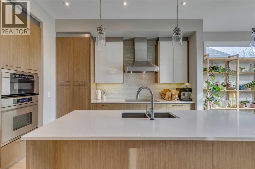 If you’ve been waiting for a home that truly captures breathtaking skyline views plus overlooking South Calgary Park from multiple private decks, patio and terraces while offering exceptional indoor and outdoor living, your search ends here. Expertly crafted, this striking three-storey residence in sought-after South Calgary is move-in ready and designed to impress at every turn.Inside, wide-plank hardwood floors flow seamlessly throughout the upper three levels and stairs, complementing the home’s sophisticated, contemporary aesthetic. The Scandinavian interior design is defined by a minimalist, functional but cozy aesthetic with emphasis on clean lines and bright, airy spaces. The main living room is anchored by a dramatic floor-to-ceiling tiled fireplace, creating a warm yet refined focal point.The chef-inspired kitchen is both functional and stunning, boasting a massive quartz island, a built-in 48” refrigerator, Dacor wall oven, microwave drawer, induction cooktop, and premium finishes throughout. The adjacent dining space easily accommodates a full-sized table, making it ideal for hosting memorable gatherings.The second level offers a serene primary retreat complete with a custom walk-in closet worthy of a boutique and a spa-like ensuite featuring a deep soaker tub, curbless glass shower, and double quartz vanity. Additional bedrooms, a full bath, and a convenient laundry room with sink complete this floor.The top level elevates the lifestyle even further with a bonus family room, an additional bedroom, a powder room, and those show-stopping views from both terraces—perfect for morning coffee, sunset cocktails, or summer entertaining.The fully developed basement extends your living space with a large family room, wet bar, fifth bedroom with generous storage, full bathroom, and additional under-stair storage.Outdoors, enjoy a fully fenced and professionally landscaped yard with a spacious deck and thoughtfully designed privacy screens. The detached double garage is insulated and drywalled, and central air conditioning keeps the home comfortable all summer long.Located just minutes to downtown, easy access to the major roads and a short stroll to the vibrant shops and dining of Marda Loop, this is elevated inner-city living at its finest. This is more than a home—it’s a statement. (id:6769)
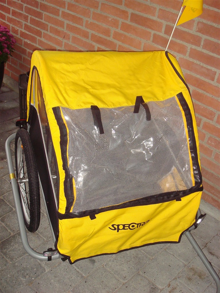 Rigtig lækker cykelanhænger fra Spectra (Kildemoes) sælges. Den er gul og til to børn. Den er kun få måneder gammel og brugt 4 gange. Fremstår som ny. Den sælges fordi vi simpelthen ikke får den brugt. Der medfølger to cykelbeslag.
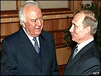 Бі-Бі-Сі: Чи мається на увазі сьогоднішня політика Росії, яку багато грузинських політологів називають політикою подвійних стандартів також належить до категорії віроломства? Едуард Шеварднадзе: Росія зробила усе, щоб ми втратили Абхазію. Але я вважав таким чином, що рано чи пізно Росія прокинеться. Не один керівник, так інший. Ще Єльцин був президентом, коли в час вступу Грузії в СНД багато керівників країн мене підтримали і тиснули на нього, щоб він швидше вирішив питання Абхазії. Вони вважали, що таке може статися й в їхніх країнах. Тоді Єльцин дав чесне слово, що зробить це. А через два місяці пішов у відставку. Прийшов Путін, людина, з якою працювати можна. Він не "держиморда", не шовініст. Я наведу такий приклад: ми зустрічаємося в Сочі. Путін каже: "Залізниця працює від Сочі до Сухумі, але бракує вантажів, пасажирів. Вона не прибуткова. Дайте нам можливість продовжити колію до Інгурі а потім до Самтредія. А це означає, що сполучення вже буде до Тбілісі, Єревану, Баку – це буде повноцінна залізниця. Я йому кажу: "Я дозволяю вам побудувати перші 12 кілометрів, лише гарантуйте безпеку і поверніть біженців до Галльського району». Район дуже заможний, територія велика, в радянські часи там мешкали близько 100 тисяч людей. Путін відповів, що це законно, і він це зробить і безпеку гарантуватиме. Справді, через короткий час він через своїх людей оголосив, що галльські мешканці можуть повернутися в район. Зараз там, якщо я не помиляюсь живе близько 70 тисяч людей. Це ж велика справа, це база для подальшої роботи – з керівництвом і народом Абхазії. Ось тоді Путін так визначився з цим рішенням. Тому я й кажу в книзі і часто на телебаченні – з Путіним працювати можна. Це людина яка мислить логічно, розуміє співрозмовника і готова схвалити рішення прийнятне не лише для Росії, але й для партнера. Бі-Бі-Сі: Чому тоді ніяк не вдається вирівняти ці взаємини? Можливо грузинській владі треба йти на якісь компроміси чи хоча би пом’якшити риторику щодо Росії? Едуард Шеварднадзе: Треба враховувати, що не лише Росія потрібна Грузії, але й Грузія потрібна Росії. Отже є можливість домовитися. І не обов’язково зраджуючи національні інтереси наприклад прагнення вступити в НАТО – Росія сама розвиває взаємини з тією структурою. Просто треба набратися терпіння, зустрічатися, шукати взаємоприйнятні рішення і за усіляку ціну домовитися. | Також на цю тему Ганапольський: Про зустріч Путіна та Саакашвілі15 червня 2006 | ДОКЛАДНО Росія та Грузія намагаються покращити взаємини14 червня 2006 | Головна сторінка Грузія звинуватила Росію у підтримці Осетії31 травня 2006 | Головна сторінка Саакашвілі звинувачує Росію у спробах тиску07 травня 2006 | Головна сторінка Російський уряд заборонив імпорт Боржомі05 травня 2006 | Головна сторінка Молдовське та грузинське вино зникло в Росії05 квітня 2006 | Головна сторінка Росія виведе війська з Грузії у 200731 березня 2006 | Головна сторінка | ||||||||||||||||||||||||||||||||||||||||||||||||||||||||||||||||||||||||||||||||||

■ Problem statement:
The material above must be set down word for word, with no picture carried over.

■ Solution to the problem:
 If you’ve been waiting for a home that truly captures breathtaking skyline views plus overlooking South Calgary Park from multiple private decks, patio and terraces while offering exceptional indoor and outdoor living, your search ends here. Expertly crafted, this striking three-storey residence in sought-after South Calgary is move-in ready and designed to impress at every turn.Inside, wide-plank hardwood floors flow seamlessly throughout the upper three levels and stairs, complementing the home’s sophisticated, contemporary aesthetic. The Scandinavian interior design is defined by a minimalist, functional but cozy aesthetic with emphasis on clean lines and bright, airy spaces. The main living room is anchored by a dramatic floor-to-ceiling tiled fireplace, creating a warm yet refined focal point.The chef-inspired kitchen is both functional and stunning, boasting a massive quartz island, a built-in 48” refrigerator, Dacor wall oven, microwave drawer, induction cooktop, and premium finishes throughout. The adjacent dining space easily accommodates a full-sized table, making it ideal for hosting memorable gatherings.The second level offers a serene primary retreat complete with a custom walk-in closet worthy of a boutique and a spa-like ensuite featuring a deep soaker tub, curbless glass shower, and double quartz vanity. Additional bedrooms, a full bath, and a convenient laundry room with sink complete this floor.The top level elevates the lifestyle even further with a bonus family room, an additional bedroom, a powder room, and those show-stopping views from both terraces—perfect for morning coffee, sunset cocktails, or summer entertaining.The fully developed basement extends your living space with a large family room, wet bar, fifth bedroom with generous storage, full bathroom, and additional under-stair storage.Outdoors, enjoy a fully fenced and professionally landscaped yard with a spacious deck and thoughtfully designed privacy screens. The detached double garage is insulated and drywalled, and central air conditioning keeps the home comfortable all summer long.Located just minutes to downtown, easy access to the major roads and a short stroll to the vibrant shops and dining of Marda Loop, this is elevated inner-city living at its finest. This is more than a home—it’s a statement. (id:6769)
 Rigtig lækker cykelanhænger fra Spectra (Kildemoes) sælges. Den er gul og til to børn. Den er kun få måneder gammel og brugt 4 gange. Fremstår som ny. Den sælges fordi vi simpelthen ikke får den brugt. Der medfølger to cykelbeslag.
 Бі-Бі-Сі: Чи мається на увазі сьогоднішня політика Росії, яку багато грузинських політологів називають політикою подвійних стандартів також належить до категорії віроломства? Едуард Шеварднадзе: Росія зробила усе, щоб ми втратили Абхазію. Але я вважав таким чином, що рано чи пізно Росія прокинеться. Не один керівник, так інший. Ще Єльцин був президентом, коли в час вступу Грузії в СНД багато керівників країн мене підтримали і тиснули на нього, щоб він швидше вирішив питання Абхазії. Вони вважали, що таке може статися й в їхніх країнах. Тоді Єльцин дав чесне слово, що зробить це. А через два місяці пішов у відставку. Прийшов Путін, людина, з якою працювати можна. Він не "держиморда", не шовініст. Я наведу такий приклад: ми зустрічаємося в Сочі. Путін каже: "Залізниця працює від Сочі до Сухумі, але бракує вантажів, пасажирів. Вона не прибуткова. Дайте нам можливість продовжити колію до Інгурі а потім до Самтредія. А це означає, що сполучення вже буде до Тбілісі, Єревану, Баку – це буде повноцінна залізниця. Я йому кажу: "Я дозволяю вам побудувати перші 12 кілометрів, лише гарантуйте безпеку і поверніть біженців до Галльського району». Район дуже заможний, територія велика, в радянські часи там мешкали близько 100 тисяч людей. Путін відповів, що це законно, і він це зробить і безпеку гарантуватиме. Справді, через короткий час він через своїх людей оголосив, що галльські мешканці можуть повернутися в район. Зараз там, якщо я не помиляюсь живе близько 70 тисяч людей. Це ж велика справа, це база для подальшої роботи – з керівництвом і народом Абхазії. Ось тоді Путін так визначився з цим рішенням. Тому я й кажу в книзі і часто на телебаченні – з Путіним працювати можна. Це людина яка мислить логічно, розуміє співрозмовника і готова схвалити рішення прийнятне не лише для Росії, але й для партнера. Бі-Бі-Сі: Чому тоді ніяк не вдається вирівняти ці взаємини? Можливо грузинській владі треба йти на якісь компроміси чи хоча би пом’якшити риторику щодо Росії? Едуард Шеварднадзе: Треба враховувати, що не лише Росія потрібна Грузії, але й Грузія потрібна Росії. Отже є можливість домовитися. І не обов’язково зраджуючи національні інтереси наприклад прагнення вступити в НАТО – Росія сама розвиває взаємини з тією структурою. Просто треба набратися терпіння, зустрічатися, шукати взаємоприйнятні рішення і за усіляку ціну домовитися. | Також на цю тему Ганапольський: Про зустріч Путіна та Саакашвілі15 червня 2006 | ДОКЛАДНО Росія та Грузія намагаються покращити взаємини14 червня 2006 | Головна сторінка Грузія звинуватила Росію у підтримці Осетії31 травня 2006 | Головна сторінка Саакашвілі звинувачує Росію у спробах тиску07 травня 2006 | Головна сторінка Російський уряд заборонив імпорт Боржомі05 травня 2006 | Головна сторінка Молдовське та грузинське вино зникло в Росії05 квітня 2006 | Головна сторінка Росія виведе війська з Грузії у 200731 березня 2006 | Головна сторінка | ||||||||||||||||||||||||||||||||||||||||||||||||||||||||||||||||||||||||||||||||||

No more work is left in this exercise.